We found that masitinib selectively inhibited the tyrosine kinase receptor colony-stimulating factor 1R (CSF-1R) at nanomolar concentrations. In microglia cultures from symptomatic SOD1(G93A) spinal cords, masitinib prevented CSF-induced proliferation, cell migration, and the expression of inflammatory mediators. Oral administration of masitinib to SOD1(G93A) rats starting after paralysis onset decreased the number of aberrant glial cells, microgliosis, and motor neuron pathology in the degenerating spinal cord, relative to vehicle-treated rats. Masitinib treatment initiated 7 days after paralysis onset prolonged post-paralysis survival by 40 %.

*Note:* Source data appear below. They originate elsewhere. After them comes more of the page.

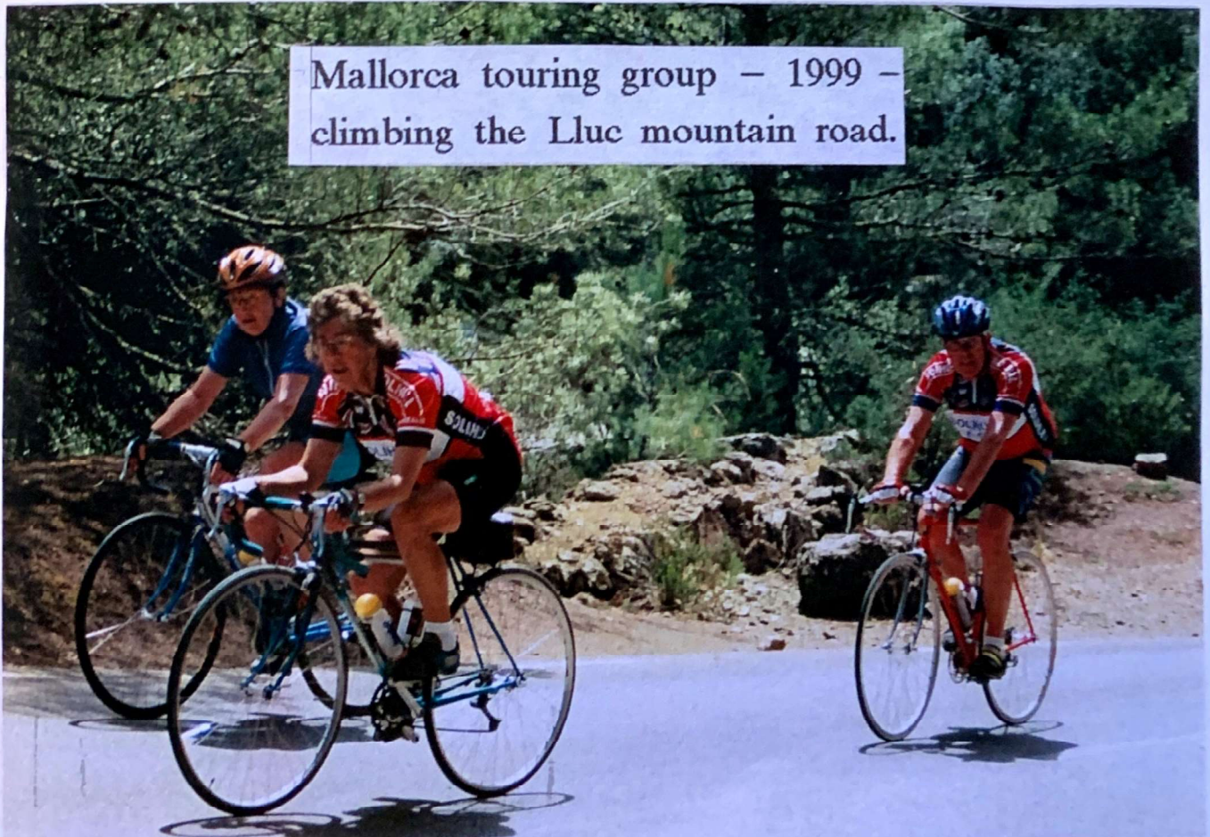
Mallorca touring group – 1999 – climbing the Lluc mountain road.
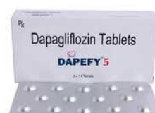
5 Dapagaliflozin Tablets
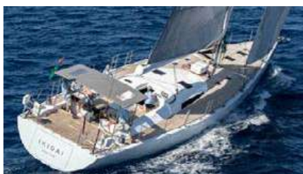
IKIGAI JFA 82 Sloop 25.13 m 2001, Refit 2018 Location: Palma, Spain EUR 2 800 000
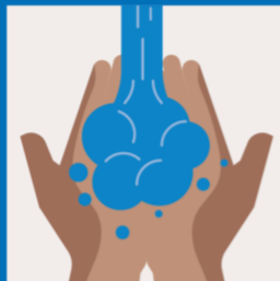
WASH YOUR HANDS BEFORE WEARING YOUR MASK

The Alamo Colleges District requires all students, staff and faculty to wear a face covering and mask while on campus to ensure the safest possible environment.
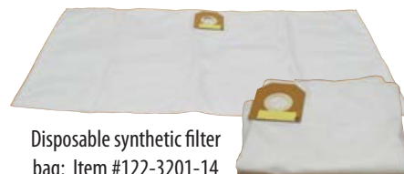
Disposable synthetic filter bag: Item #122-3201-14

The HEPA filter is individually tested and certified to be 99.97% efficient at .3 microns according to IEST-RP-CC001 test requirement.
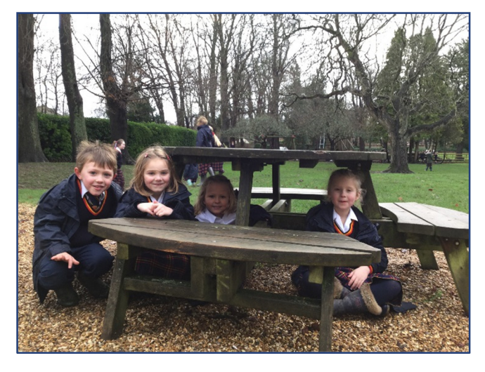
Taking cover from Storm Brendan

These data show that masitinib is capable of controlling microgliosis and the emergence/expansion of aberrant glial cells, thus providing a strong biological rationale for its use to control neuroinflammation in ALS. Remarkably, masitinib significantly prolonged survival when delivered after paralysis onset, an unprecedented effect in preclinical models of ALS, and therefore appears well-suited for treating ALS.
在肌萎缩侧索硬化症(ALS)的SOD1(G93A)突变大鼠模型中,神经元死亡和快速的麻痹进展与在退化脊髓中增殖的活化异常胶质细胞的出现有关。此类异常胶质细胞的药理学下调是否会减少运动神经元死亡并延长生存期尚不清楚。我们假设异常胶质细胞的增殖依赖于激酶受体激活,因此,酪氨酸激酶抑制剂马西替尼(AB1010)可能控制ALS大鼠模型中的神经炎症。
在从有症状的老年SOD1(G93A)大鼠分离的小胶质细胞的细胞培养物中分析用马西替尼药理学抑制酪氨酸激酶的细胞效应。为了确定马西替尼是否能预防异常胶质细胞的出现或改变麻痹后的生存期,在麻痹发作后开始以30mg/kg/天的剂量口服给药。
我们发现马西替尼在纳摩尔浓度下选择性抑制酪氨酸激酶受体集落刺激因子1受体(CSF-1R)。在有症状的SOD1(G93A)脊髓的小胶质细胞培养物中,马西替尼可预防CSF诱导的增殖、细胞迁移和炎症介质的表达。相对于载体处理的大鼠,在麻痹发作后开始给SOD1(G93A)大鼠口服马西替尼可减少退化脊髓中异常胶质细胞的数量、小胶质细胞增生和运动神经元病理改变。在麻痹发作7天后开始的马西替尼治疗使麻痹后的生存期延长了40%。
这些数据表明马西替尼能够控制小胶质细胞增生以及异常胶质细胞的出现/扩张,从而为其用于控制ALS中的神经炎症提供了有力的生物学依据。值得注意的是,马西替尼在麻痹发作后给药时显著延长了生存期,这在ALS临床前模型中是前所未有的效果,因此似乎非常适合治疗ALS。